How about when the light goes green?
The Rio takes about 9.7-9.8 seconds to get to 60, which is on the slowish side relative to others in this class. For example, the turbo Sonic is a full second quicker and even the Mazda2 (with just 100 hp on tap and less efficient transmissions to deliver what’s on tap) is only a couple of ticks of the stopwatch behind the Rio. Probably this is because the Kia weighs about 100 pounds more than the Mazda (2,410 lbs. vs. 2,306 lbs.).
2,410 pounds is pretty porky for a small car — about 400-500 pounds more, in fact, than comparable cars weighed back in the ’80s. This is why, by the way, modern economy cars struggle to break 40 MPG on the highway while back in the ’80s, numerous economy compacts were doing almost that well in city driving — and pushing 50 on the highway — with carbureted engines.
And — in some cases — three-speed automatics.
But don’t blame Kia — or Mazda or any of the other car companies.
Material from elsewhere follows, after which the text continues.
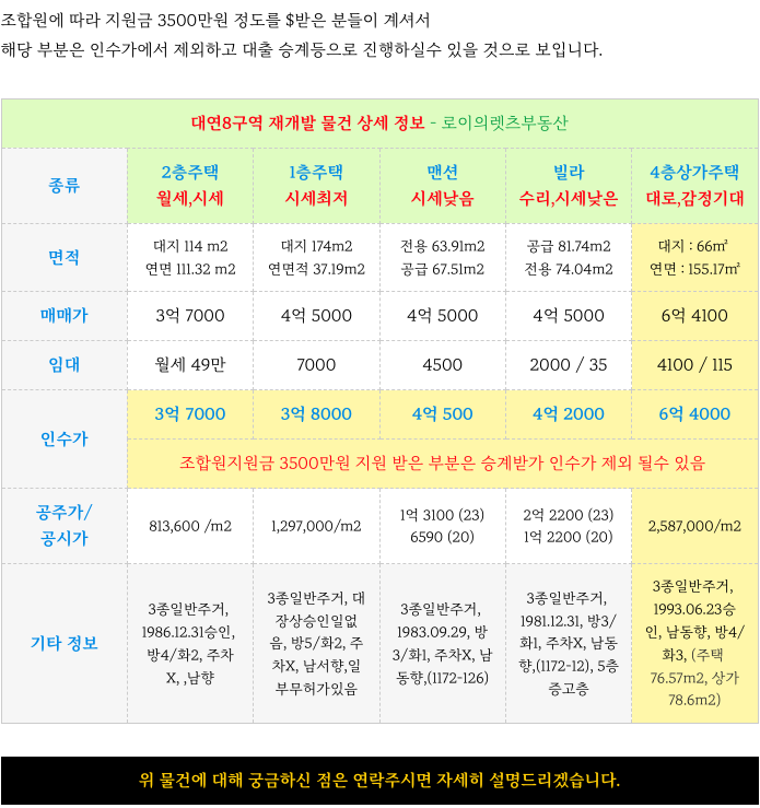 대연8구역 재개발 현 가능 물건들을 소개해 드리겠습니다.

They’re just doing what they have to (adding bulk) to comply with ever-more-demanding federal safety requirements — which are increasingly coming into conflict with federal fuel economy requirements. You can have a very safe car, or a very economical car. But not both in the same car.
At least, not without compromise — or cost.
ON THE ROAD
I tested an SX Rio — the sportiest trim — which comes with a pretty aggressive 17-inch wheel-tire package that reminded me of the current VW GTI (check the design of those pie-cutter wheels … see anything familiar?)
Ditto the handling.
The stiff sidewall tires and a very firmly calibrated suspension translate into minimal body roll — and “point and click” directional changes. Pick your line and the car will hold it, requiring very little in the way of course corrections to keep on track.
But, there is a downside — ride quality. The SX is a stiffy — and not for everyone. Both my wife and father-in-law (neither of them “sporty” minded people) made negative comments.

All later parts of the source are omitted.